Data to process |
[Start of section]

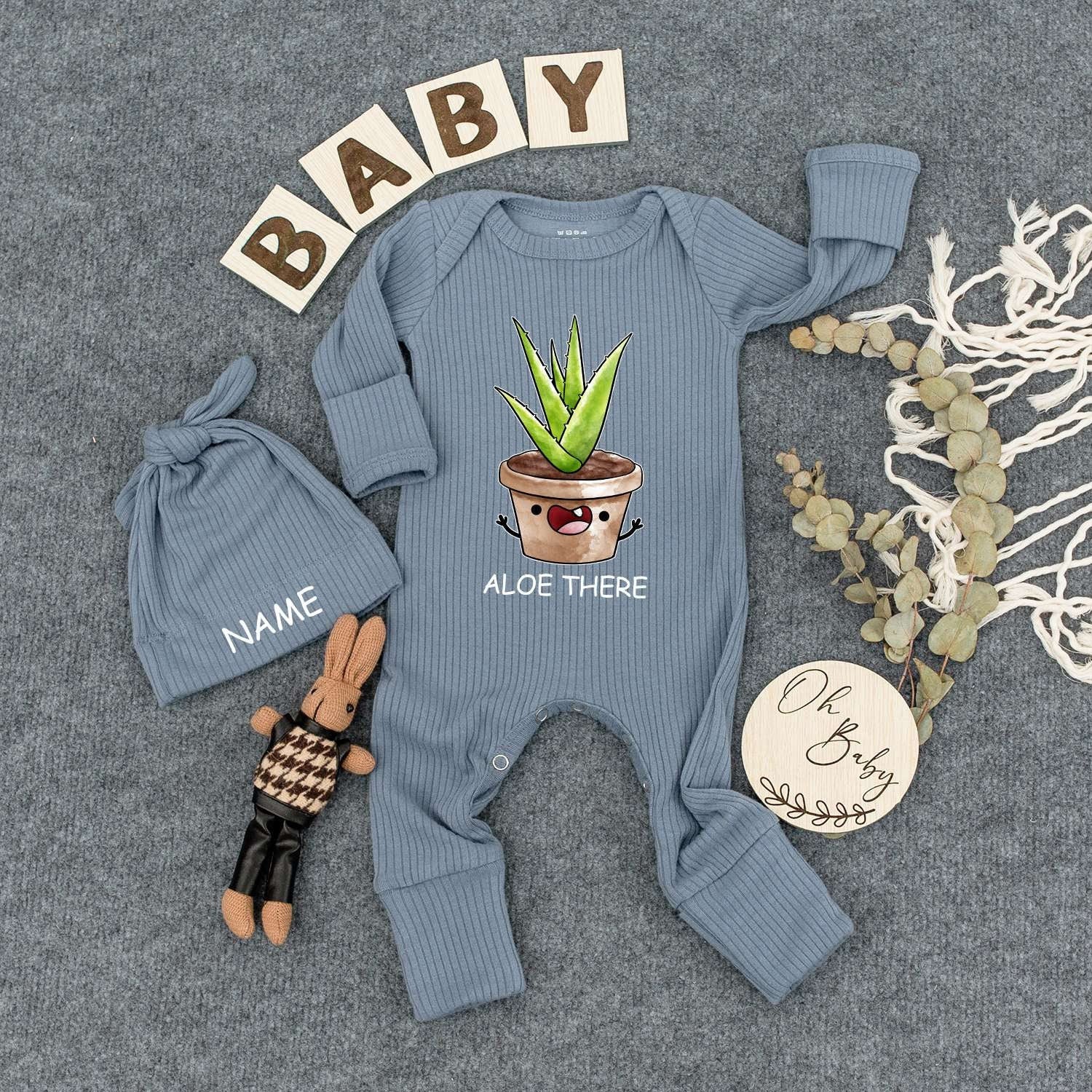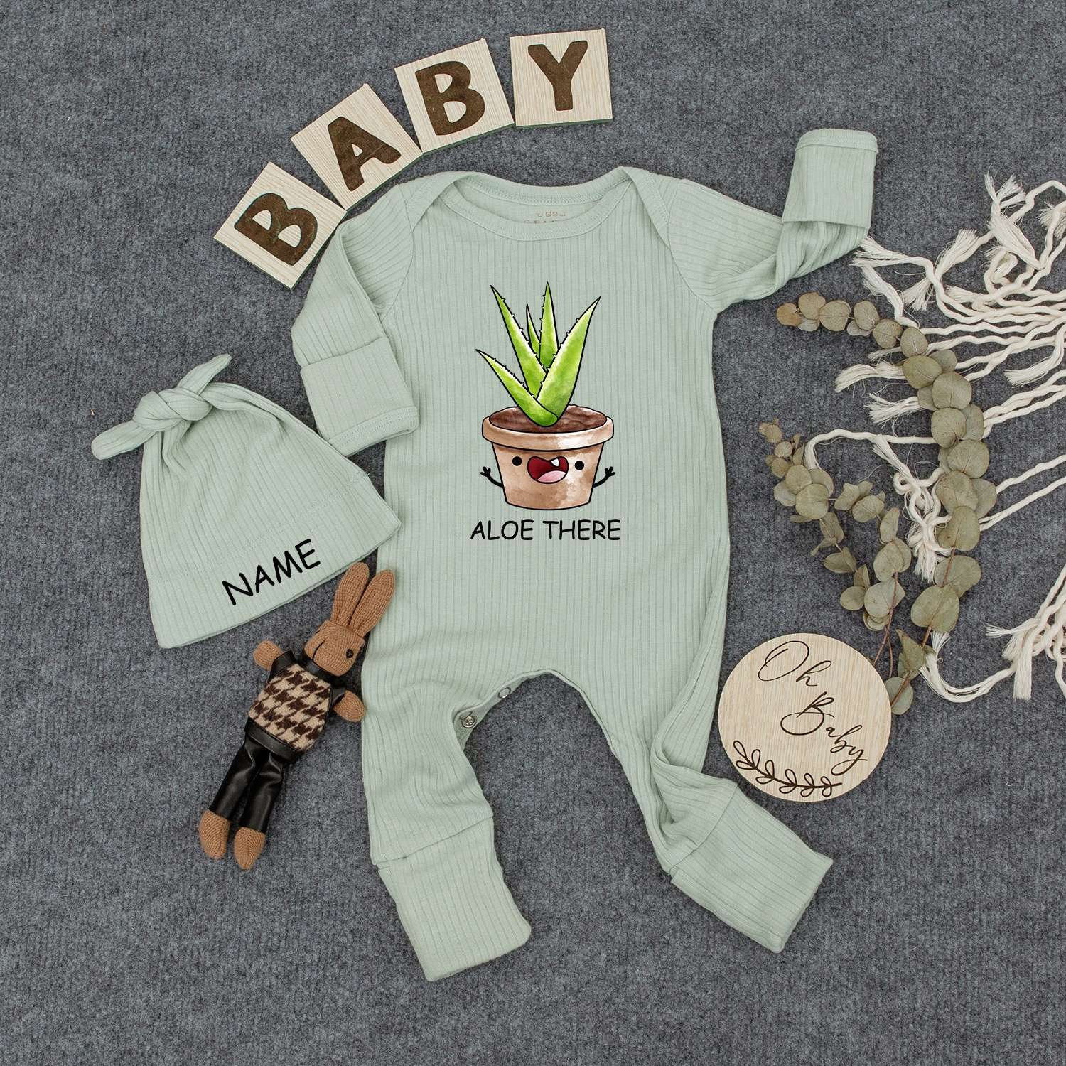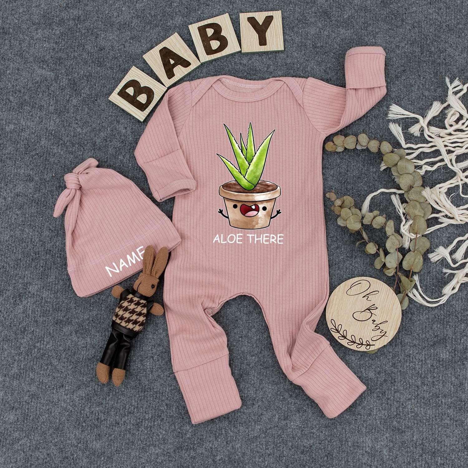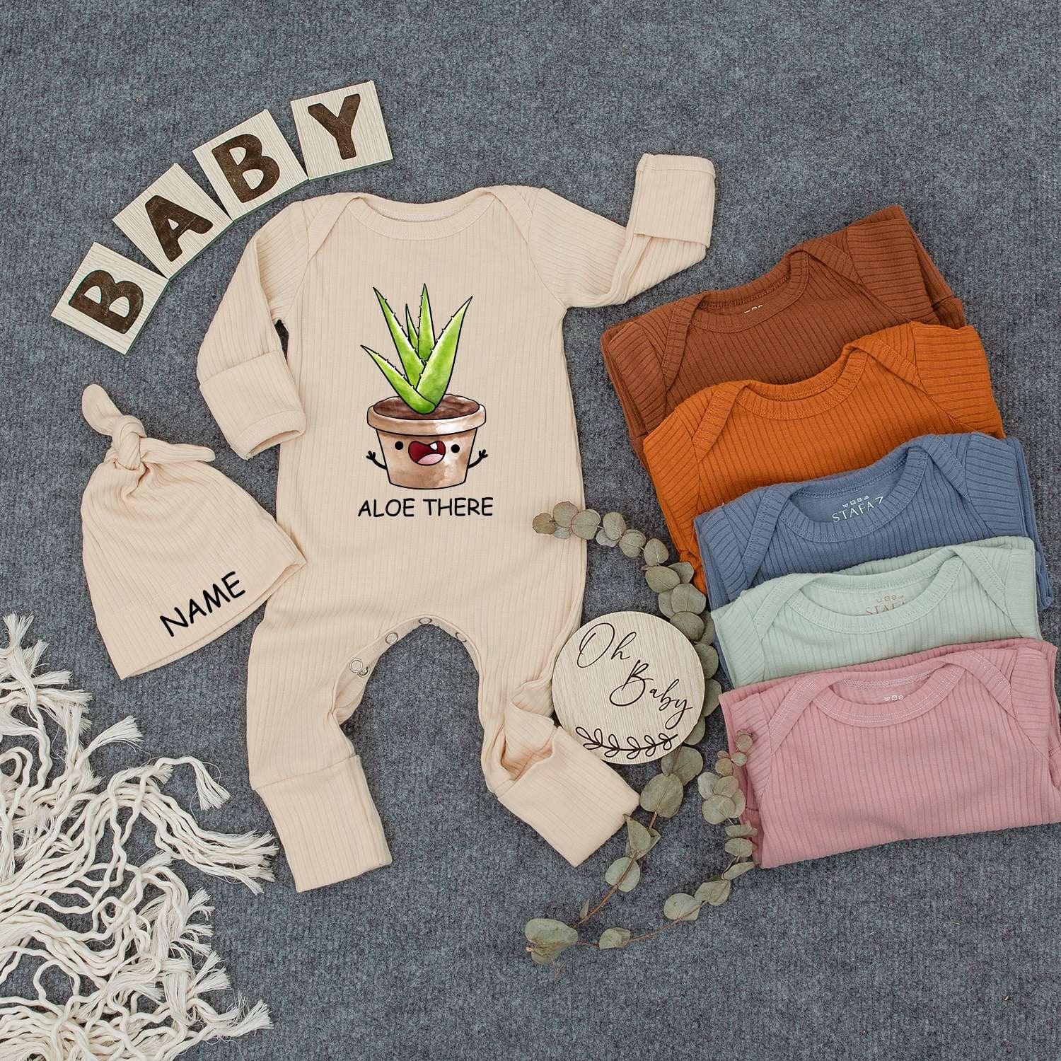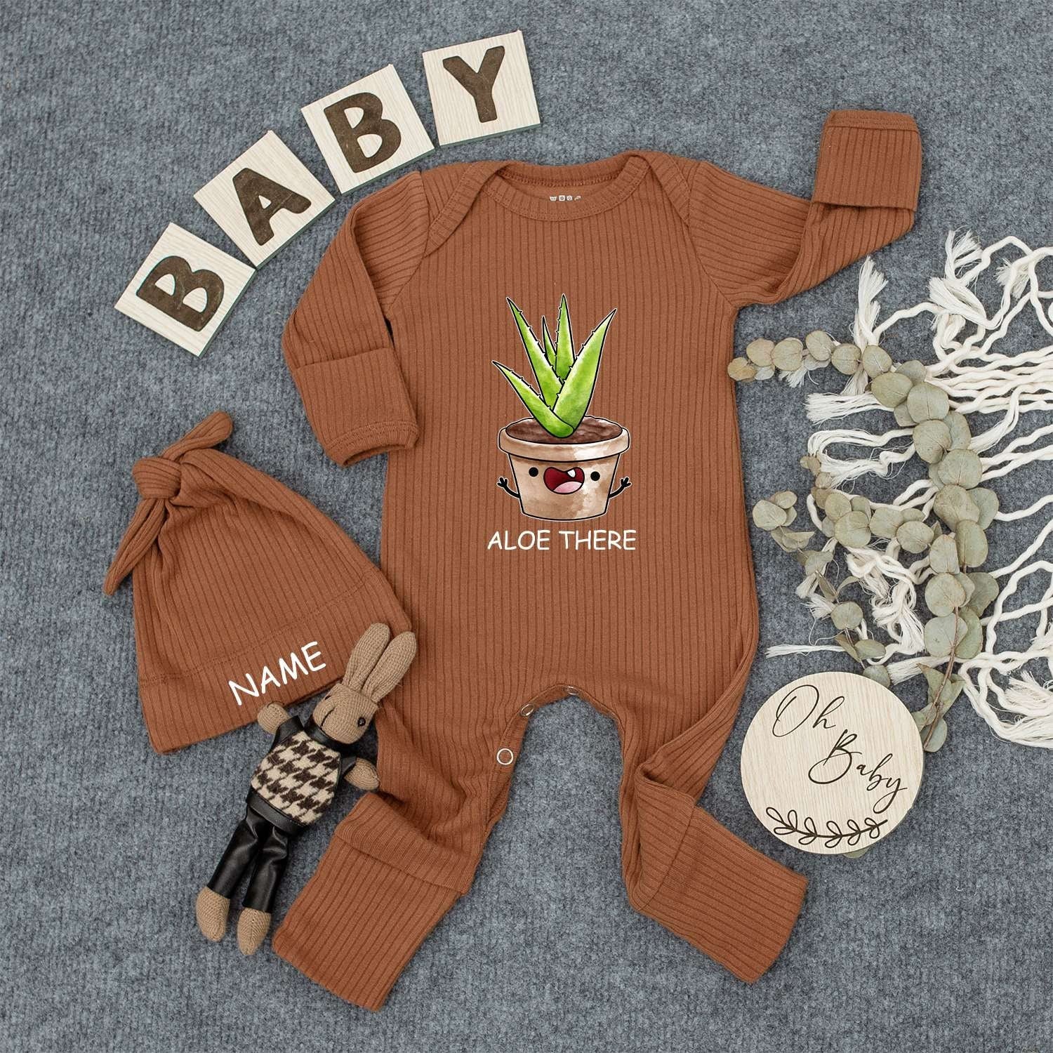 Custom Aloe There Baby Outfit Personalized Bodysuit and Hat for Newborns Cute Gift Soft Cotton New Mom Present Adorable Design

[End of section]
[Start of section]

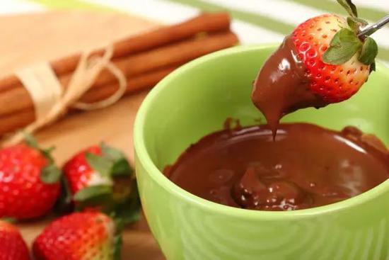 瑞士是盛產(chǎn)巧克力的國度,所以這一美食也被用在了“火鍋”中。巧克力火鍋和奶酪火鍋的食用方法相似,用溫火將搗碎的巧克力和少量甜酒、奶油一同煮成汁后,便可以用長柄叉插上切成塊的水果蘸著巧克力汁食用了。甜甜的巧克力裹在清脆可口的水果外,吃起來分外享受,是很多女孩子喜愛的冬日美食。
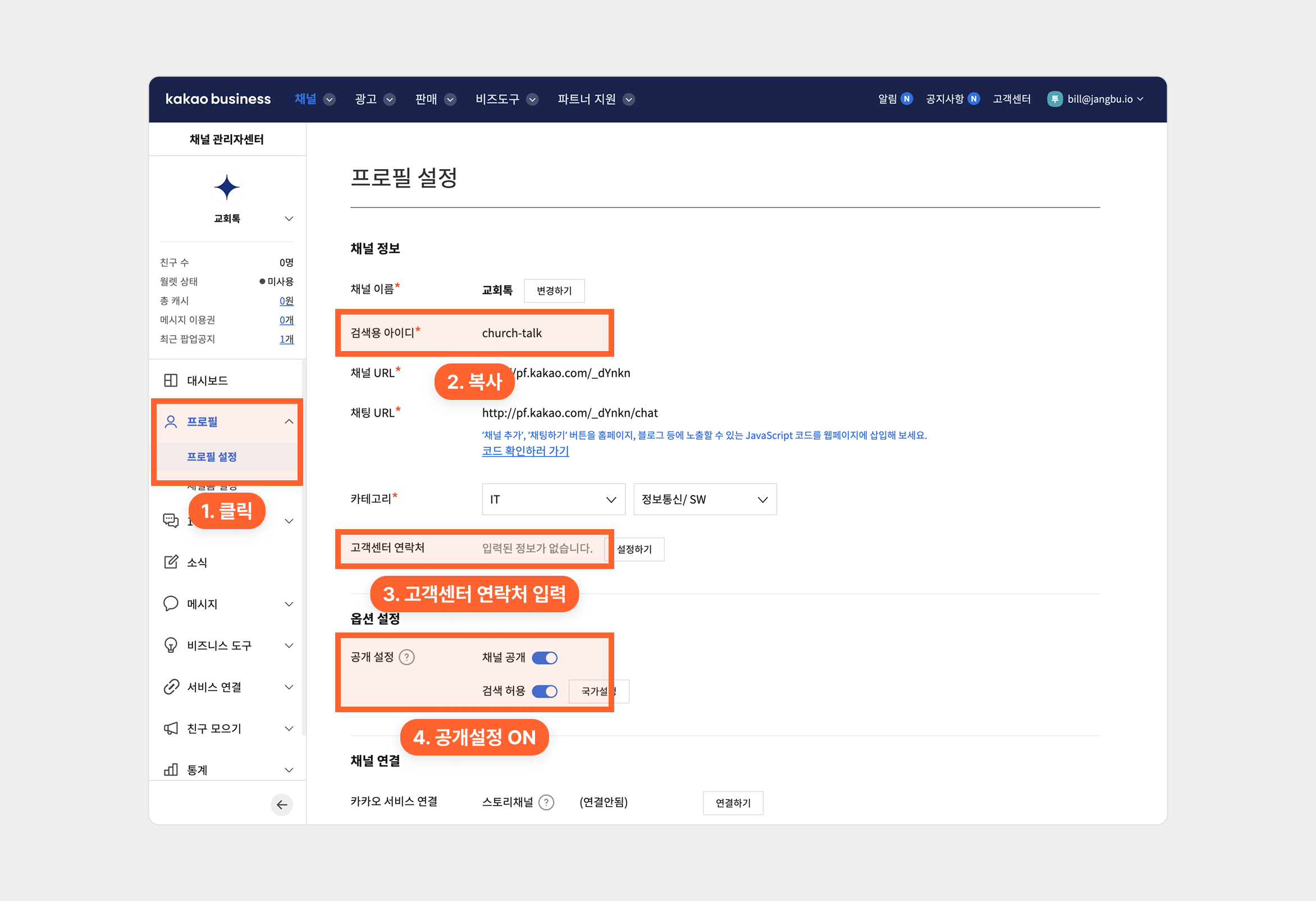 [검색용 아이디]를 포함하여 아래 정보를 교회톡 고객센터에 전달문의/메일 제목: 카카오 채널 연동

[End of section]

Exercise | Return only the stretch above from the line containing "瑞士是盛產(chǎn)巧克力" through the line containing "[검색용 아이디]를 포함하여", word for word and without pictures.

Solution to the problem |
 瑞士是盛產(chǎn)巧克力的國度,所以這一美食也被用在了“火鍋”中。巧克力火鍋和奶酪火鍋的食用方法相似,用溫火將搗碎的巧克力和少量甜酒、奶油一同煮成汁后,便可以用長柄叉插上切成塊的水果蘸著巧克力汁食用了。甜甜的巧克力裹在清脆可口的水果外,吃起來分外享受,是很多女孩子喜愛的冬日美食。
 [검색용 아이디]를 포함하여 아래 정보를 교회톡 고객센터에 전달문의/메일 제목: 카카오 채널 연동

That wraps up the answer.